• _AVAILABLE RECORDS_
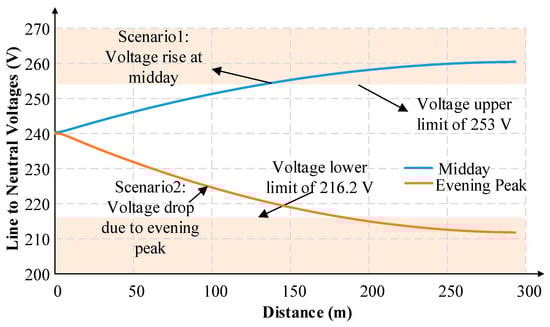 Figure 8 shows the voltage profile along the feeder for the two scenarios. In both scenarios, the voltages towards the end of the feeder can be seen to be outside the allowable range.
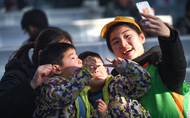 2018年2月5日,在南昌站看到回家的人们无论候车还是准备上车,无论背着沉重的行李还是孩童在玩游戏,无论家有多远也要回家。阳光路上让爱回家。鲍赣生/摄
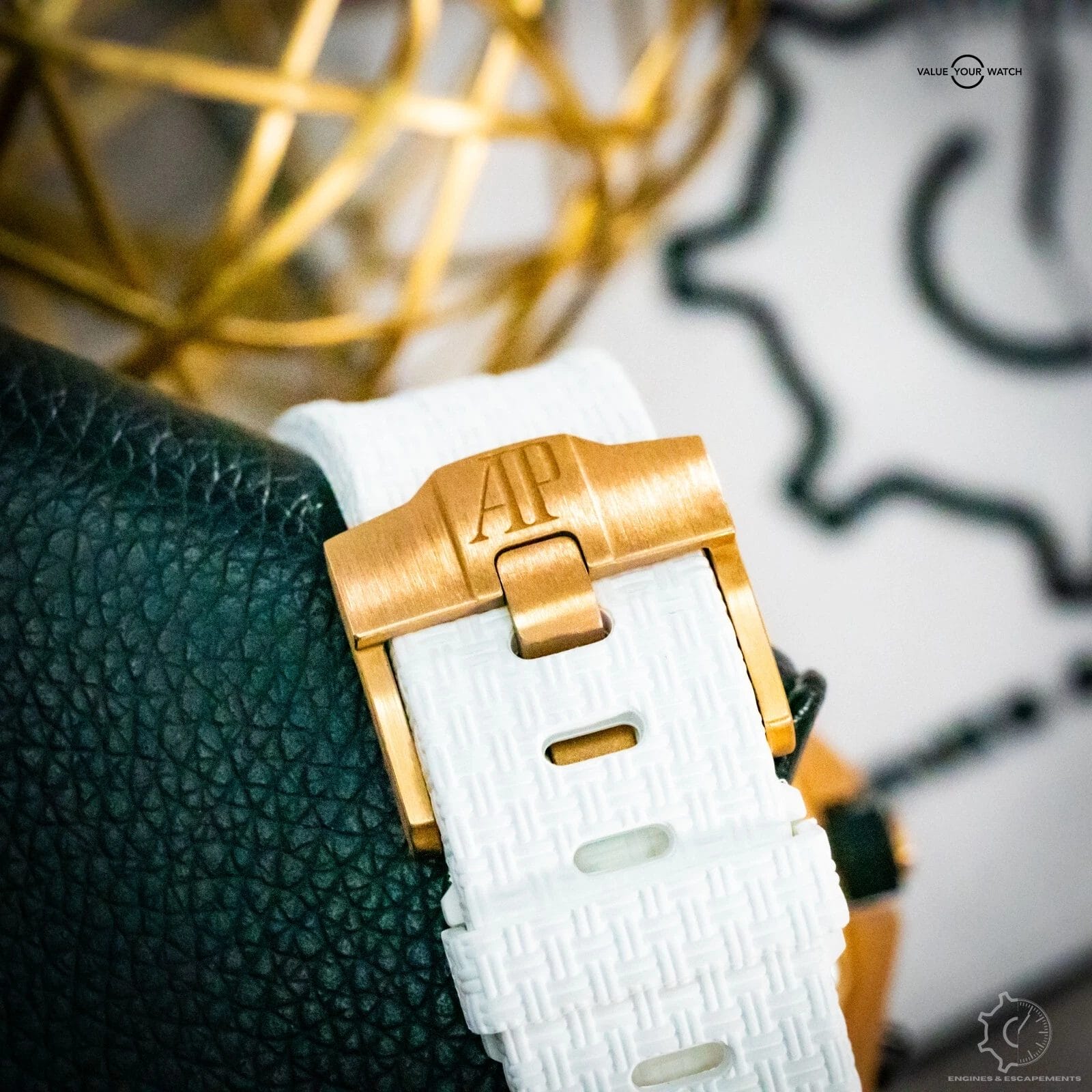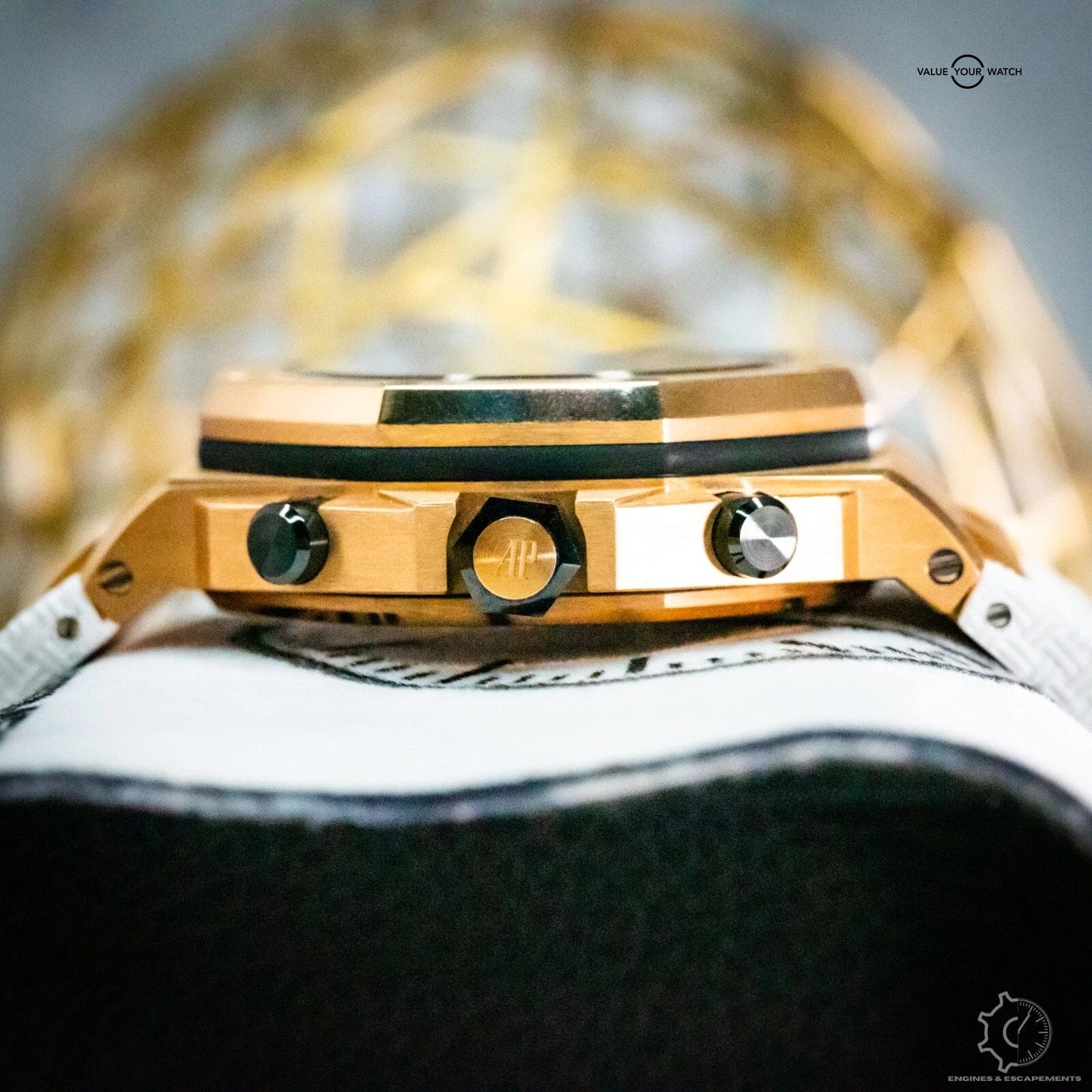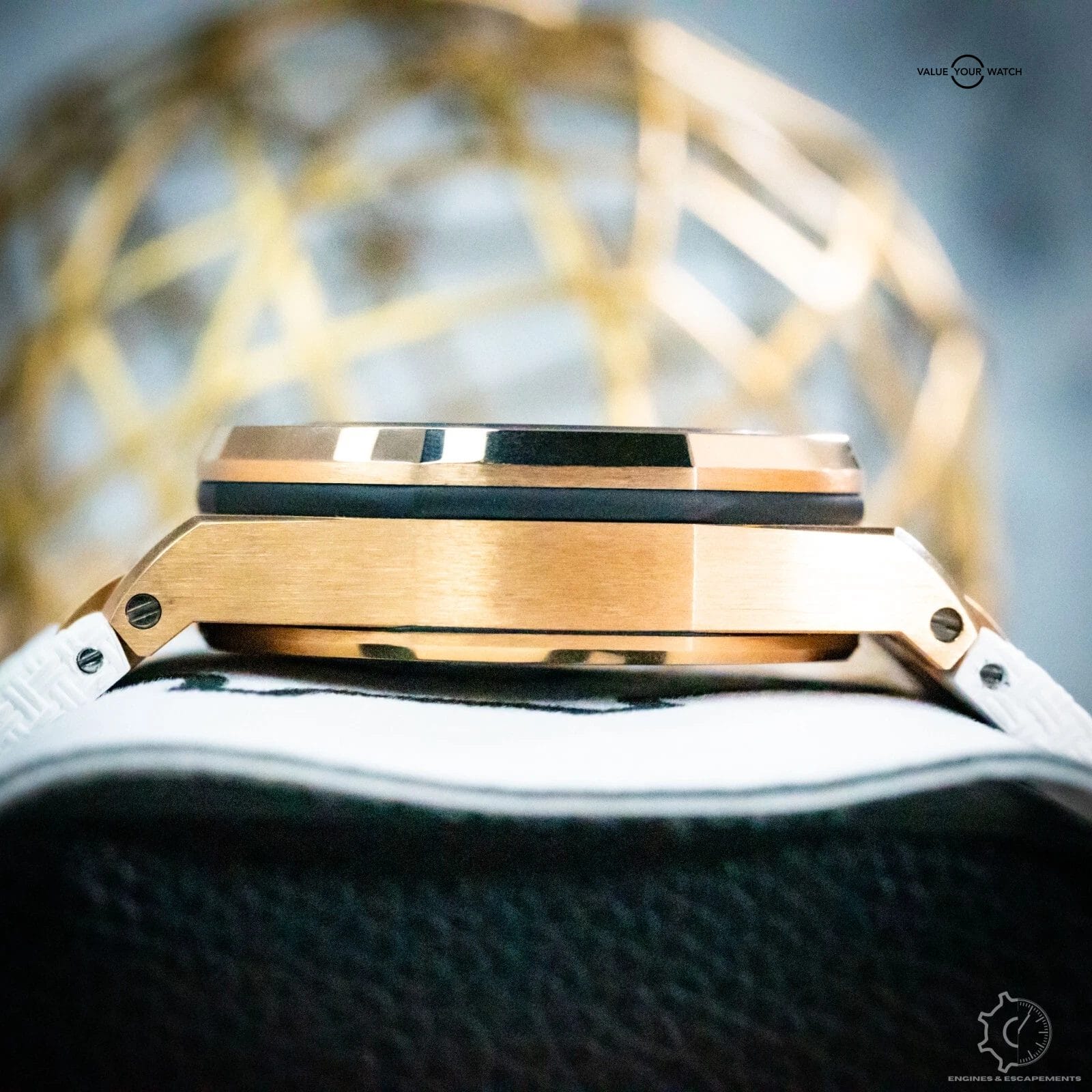 This piece doesn’t just stand out—it defines the room. The rose gold bezel, crown guards & black ceramic pushers are flawlessly finished, reflecting AP’s unmatched attention to detail. Beneath the surface, the automatic chronograph movement powers the watch with precision and authority.
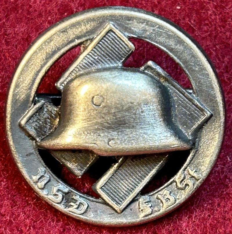 In an excellent condition a NSD Stalhlhelm membershipspin. Frontside: Stahlhelm in front of a Swastika on a circle. n.s.d. F.b.St. (Nationalsozialistischer Deutscher Frontkämpferbund Stahlhelm) Backside: Marked ges. Gesch. Maker marked E.V.
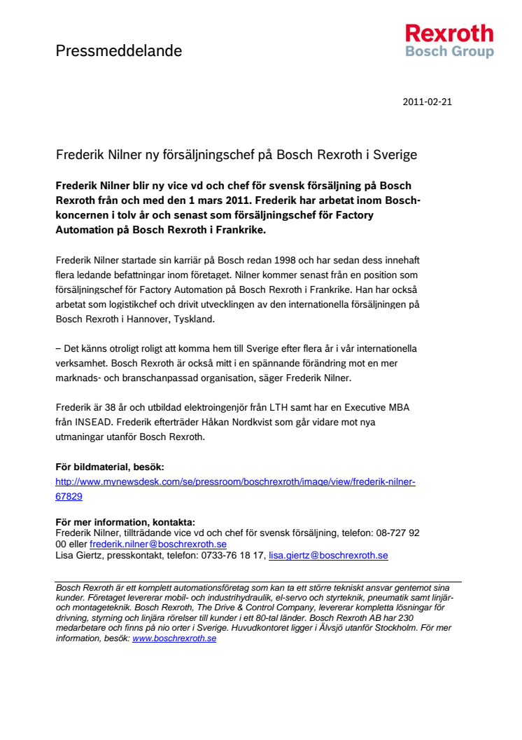 Frederik Nilner blir ny vice vd och chef för svensk försäljning på Bosch Rexroth från och med den 1 mars 2011. Frederik har arbetat inom Bosch-koncernen i tolv år och senast som försäljningschef för Factory Automation på Bosch Rexroth i Frankrike.
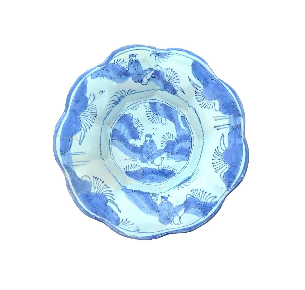 A delftware small lobed dish or cracknell c.1660-80, possibly London or Continental, painted in blue with a seated Chinaman amongst rockwork, the same design echoed twice to the lobed rim, raised on a low foot, 21.3cm.
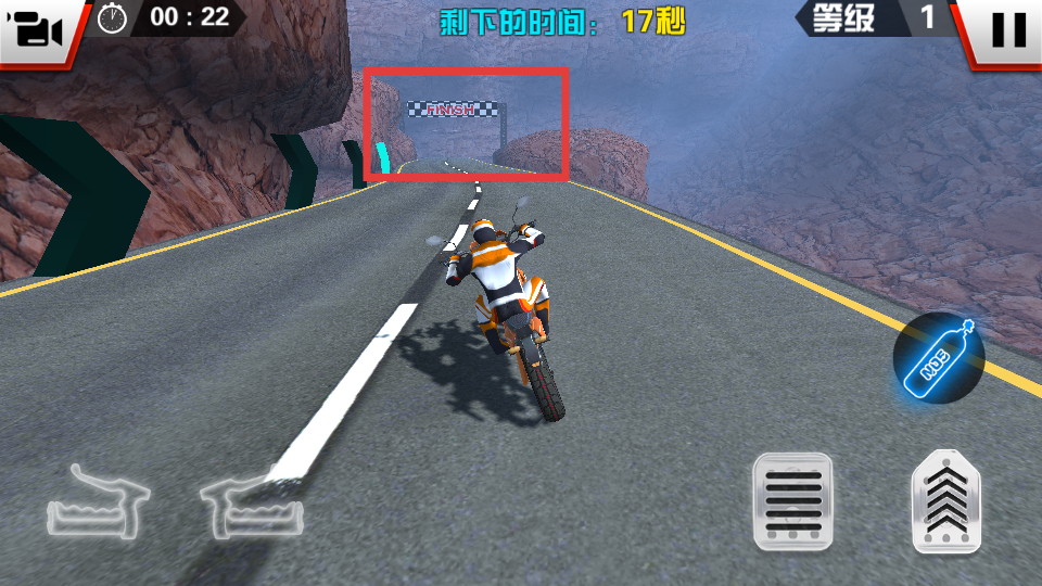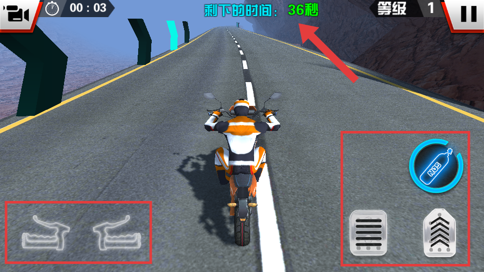 2、进入游戏后,注意屏幕上方的【剩下的时间】,利用左下角【左右】按钮、右下角的【刹车和油门】操控摩托车。
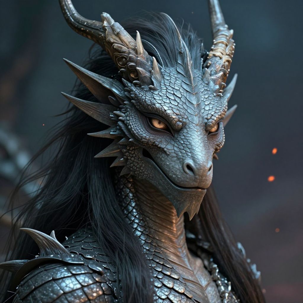 Digital artwork depicting a fierce, anthropomorphic dragon with blue-scaled, textured skin and sharp, golden horns. The dragon has piercing orange eyes, a pronounced snout, and black, flowing hair. Its armor-like scales are detailed and shiny, reflecting light. The background is a dark, smoky blue with small, glowing red embers, adding a mystical atmosphere. The dragon's expression is intense and focused. The overall style is realistic with a fantasy theme, emphasizing the dragon's powerful and regal presence.
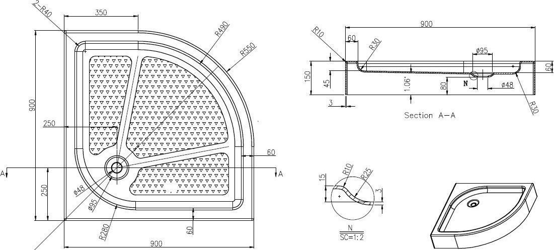 Характеристики Поддон Azario (P29 R/L)

• _ACTION ITEM_
Extract the lines exactly, please: the first line of the listing, the line with "In an excellent", and every line between them, but no pictures.

• _ANSWER BOX_
 Figure 8 shows the voltage profile along the feeder for the two scenarios. In both scenarios, the voltages towards the end of the feeder can be seen to be outside the allowable range.
 2018年2月5日,在南昌站看到回家的人们无论候车还是准备上车,无论背着沉重的行李还是孩童在玩游戏,无论家有多远也要回家。阳光路上让爱回家。鲍赣生/摄
 This piece doesn’t just stand out—it defines the room. The rose gold bezel, crown guards & black ceramic pushers are flawlessly finished, reflecting AP’s unmatched attention to detail. Beneath the surface, the automatic chronograph movement powers the watch with precision and authority.
 In an excellent condition a NSD Stalhlhelm membershipspin. Frontside: Stahlhelm in front of a Swastika on a circle. n.s.d. F.b.St. (Nationalsozialistischer Deutscher Frontkämpferbund Stahlhelm) Backside: Marked ges. Gesch. Maker marked E.V.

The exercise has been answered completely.